The flames lick at the walls that confined me. The fire won’t make a dent in the thick stone of these walls, but it will consume everything it can.

Including the evil inside.

I don’t know if anyone other than Arkady will make it out.

Many of the patients are beyond saving. Some were in there for good reason. Others, like Arkady, were living on the brink of death anyway.

The Ivanov Center.

The bland name concealed what it really was. A specialized torture chamber.

It was a dumping ground for the Bratva and its problems, like me. The foot soldier who flew too close to the sun.

The orange flames race across the dry grass towards the forest on the outskirts.

I round a bend and it slips out of sight, only a pillar of smoke on the horizon. Soon that will fade into the mountains.

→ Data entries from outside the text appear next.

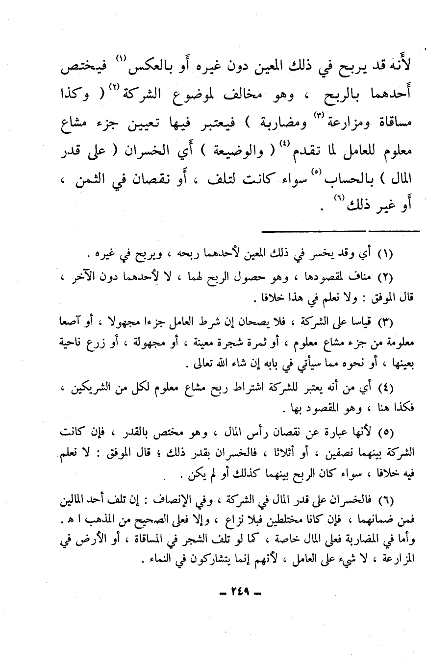 (¬6) فالخسران على قدر المال في الشركة، وفي الإنصاف: إن تلف أحد المالين فمن ضمانهما، فإن كانا مختلطين فبلا نزاع، وإلا فعلى الصحيح من المذهب. اهـ. وأما في المضاربة فعلى المال خاصة، كما لو تلف الشجر في المساقاة، أو الأرض في المزارعة، لا شيء على العامل، لأنهم إنما يتشاركون في النماء.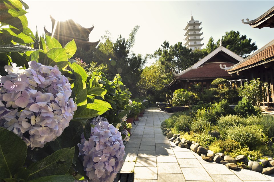 Nnằm nép mình giữa không gian xanh yên bình và những khóm hoa tô điểm khắp chốn, khu tâm linh trên đỉnh Bà Nà đẹp một cách nao lòng.
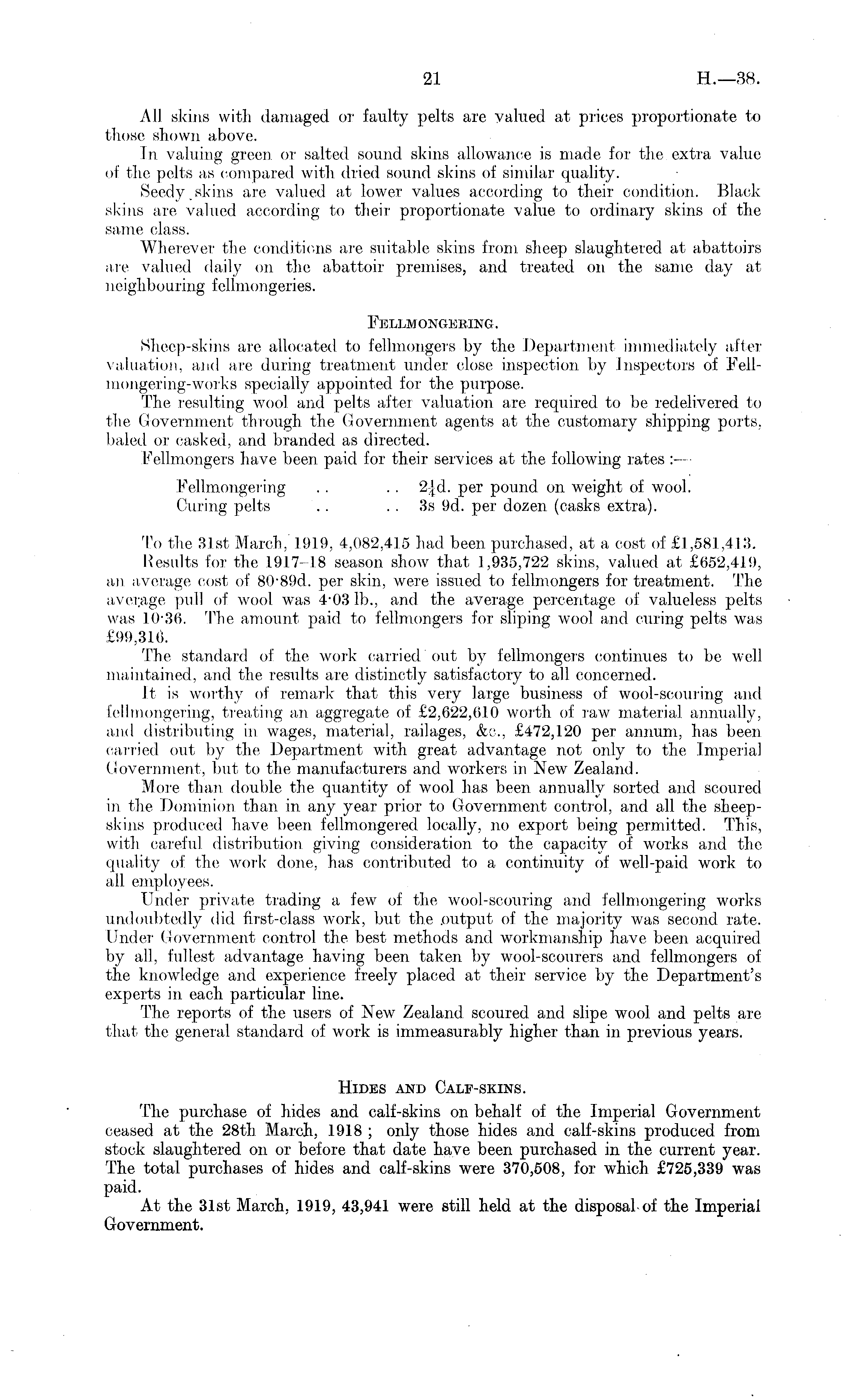 All skins with damaged or faulty pelts are valued at prices proportionate to those shown above. In valuing green, or salted sound skins allowance is made for the extra value of the pelts as compared with dried sound skins of similar quality. Seedy.skins are valued at lower values according to their condition. Black skins are valued according to their proportionate value to ordinary skins of the same class. Wherever the conditions are suitable skins from sheep slaughtered at abattoirs are valued daily on the abattoir premises, and treated on the same day at ileighbouring fellmongeries. Fellmongering . Sheep-skins are allocated to fellmongers by the Department immediately after valuation, and are during treatment under close inspection by Inspectors of Fell-mongering-works specially appointed for the purpose. The resulting wool and pelts after valuation are required to be redelivered to the Government through the Government agents at the customary shipping ports, baled or casked, and branded as directed. Fellmongers have been paid for their services at the following rates :— Fellmongering . . . . 2}d. per pound on weight of wool. Curing pelts '. . 3s 9d. per dozen (casks extra). To the 31st March, 1919, 4,082,415 had been purchased, at a cost of £1,581,413. Results for the 1917-18 season show that 1,935,722 skins, valued at £652,419, an average cost of 80'89d. per skin, were issued to fellmongers for treatment. The average pull of wool was 4.*03 lb., and the average percentage of valueless pelts was 10-36. The amount paid to fellmongers for sliping wool and curing pelts was £99,316. The standard of the work carried out by fellmongers continues to be well maintained, and the results are distinctly satisfactory to all concerned. It is worthy of remark that this very large business of wool-scouring and fellmongering, treating an aggregate of £2,622,010 worth of raw material annually, and distributing in wages, material, railages, &c, £472,120 per annum, has been carried out by the Department with great advantage not only to the Imperial Government, but to the manufacturers and workers in New Zealand. More than double the quantity of wool has been annually sorted and scoured in the Dominion than in any year prior to Government control, and all the sheepskins produced have been fellmongered locally, no export being permitted. This, with careful distribution giving consideration to the capacity of works and the quality of the work done, has contributed to a continuity of well-paid work to all employees. Under private trading a few of the wool-scouring and fellmongering works undoubtedly did first-class work, but the .output of the majority was second rate. Under Government control the best methods and workmanship have been acquired by all, fullest advantage having been taken by wool-scourers and fellmongers of the knowledge and experience freely placed at their service by the Department's experts in each particular line. The reports of the users of New Zealand scoured and slipe wool and pelts are that the general standard of work is immeasurably higher than in previous years. Hides and Calf-skins. The purchase of hides and calf-skins on behalf of the Imperial Government ceased at the 28th March, 1918 ; only those hides and calf-skins produced from stock slaughtered on or before that date have been purchased in the current year. The total purchases of hides and calf-skins were 370,508, for which £725,339 was paid. At the 31st March, 1919, 43,941 were still held at the disposal-of the Imperial Government.

It’s only when I suck in air, gasping and winded, that I realize I’d stopped breathing. My lungs burn with relief but guilt lodges in my stomach like a stone.

Saving Arkady doesn’t stop my pain at the other person I’m leaving behind… We pass the house in the mountains and I want to go in, to explain, to apologize. Instead, I tighten my fists on the steering wheel and force myself to keep driving.

He doesn’t need me. He’ll be okay. There are people here to look after him. I can’t put his life in danger by taking him with me.

The only good option is to survive. And the only way to survive is to escape Siberia.

I push my foot harder on the gas pedal until we’re going so fast I can almost forget about the past ten years.

It’s for the best to leave the past right here — I’ve never been able to protect the people I love, and now would be a hell of a time to start trying.